Re: Nardil plus Phenylethylamine (PEA) » Ron Hill

Posted by SLS on March 19, 2008, at 5:05:43

In reply to Re: Nardil plus Phenylethylamine (PEA) » Carlton, posted by Ron Hill on March 18, 2008, at 23:37:25

> 300 mg/day Trileptal (Note: Trileptal is my antimanic med. If I get hypomanic, I jump it up to 600 or 900.)

My knee-jerk reaction to this is that it is the worst thing you can do with this medication. Pulsing any psychotropic is considered counterproductive and often yields treatment-resistance. Perhaps more important is that allowing the mania to appear at all just reinforcing the cycle. After mania comes depression. Stop the mania, and you might also avoid the depressive rebound that occurs during a switch from mania to depression. Since Trileptal is so useful to you episodically, it might act to penetrate your cycle and prevent mood swings if used chronically. It very often takes 6 months or longer for mood-stabilizer treatment to effect a significant reduction of ultra-rapid cycling.

Great post, by the way.


- Scott

 

Re: Nardil plus Phenylethylamine (PEA) » Ron Hill

Posted by carlton on March 19, 2008, at 11:57:08

In reply to Re: Nardil plus Phenylethylamine (PEA) » Carlton, posted by Ron Hill on March 18, 2008, at 23:37:25

Ron,

Thanks for your post. Very informative.
Instead of nifedipine, doc prescribed clonidine to be used only in event of hypertensive crisis.

I am taking

Provigil 100mg
Lunesta 2 mg (night time)
Nardil 60mg
Multi-vitamin
Fish Oil 4 grams

 

Re: Nardil plus Phenylethylamine (PEA)

Posted by undopaminergic on March 19, 2008, at 14:51:37

In reply to Re: Nardil plus Phenylethylamine (PEA) » Carlton, posted by Ron Hill on March 18, 2008, at 23:37:25

>
> > And, secondly, has anyone tried to supplement Phenelzine (nardil) with PEA or DLPA (DL-phenylalanine).
>
> PEA, yes. But, there is no way in heck that I would try adding DLPA or LPA to Nardil because I deem it way too risky.

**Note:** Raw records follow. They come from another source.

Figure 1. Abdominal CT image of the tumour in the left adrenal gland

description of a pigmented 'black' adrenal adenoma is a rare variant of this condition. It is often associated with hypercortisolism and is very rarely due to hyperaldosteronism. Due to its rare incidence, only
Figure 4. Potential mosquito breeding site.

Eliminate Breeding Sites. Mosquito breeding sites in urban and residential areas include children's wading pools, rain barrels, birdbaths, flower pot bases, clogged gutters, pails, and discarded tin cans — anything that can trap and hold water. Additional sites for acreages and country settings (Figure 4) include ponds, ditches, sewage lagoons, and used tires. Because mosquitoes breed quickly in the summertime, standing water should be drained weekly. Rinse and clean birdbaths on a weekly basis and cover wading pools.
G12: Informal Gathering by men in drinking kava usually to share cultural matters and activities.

PEA is considerably more risky than phenylalanine (PA), because it can rapidly release noradrenaline from storage vesicles in sympathetic nerve terminals, whereas PA first has to be converted into an active compound.

>
> L-phenylalanine is the precursor to PEA. However, L-phenylalanine IS ALSO the precursor to tyrosine which then continues on as follows; tyrosine > L-dopa > dopamine > norepinephrine > epinephrine. The L-dopa and the three catecholamines (DA, NE, and epinephrine) scare the heck out of me as a Nardil user.

DA is more hypotensive than hypertensive (except perhaps at very high concentrations), so any risk it may present is likely to be through its conversion into noradrenaline.

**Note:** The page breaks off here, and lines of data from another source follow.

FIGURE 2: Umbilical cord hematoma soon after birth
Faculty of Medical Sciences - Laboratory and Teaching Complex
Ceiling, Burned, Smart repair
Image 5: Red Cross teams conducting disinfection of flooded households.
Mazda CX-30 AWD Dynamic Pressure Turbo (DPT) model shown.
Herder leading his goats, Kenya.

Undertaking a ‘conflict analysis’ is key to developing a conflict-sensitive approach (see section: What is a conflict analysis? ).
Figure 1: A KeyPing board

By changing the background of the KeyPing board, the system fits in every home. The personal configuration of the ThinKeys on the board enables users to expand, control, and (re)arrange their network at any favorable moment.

More importantly, it should be emphasised that the conversions of phenylalanine to tyrosine and tyrosine to L-dopa are relatively slow processes. L-dopa synthesis is the rate-limiting step in the production of catecholamines. Additionally, excessive concentrations of PA can further slow down the synthesis of L-dopa due to competitive inhibition of tyrosine hydroxylase (TH).

Catecholamines are also metabolised by catechol-O-methyltransferase (COMT), so they can be broken down even without MAO, albeit at a reduced rate.

> Carlton, if you decide to try this cocktail, monitor your blood pressure frequently and keep your nifedipine (hypertensive anecdote) handy. My experience is that even with low dosages of PEA added to Nardil my blood pressure rises. A little too much PEA and it will cause anxiety and uneasiness.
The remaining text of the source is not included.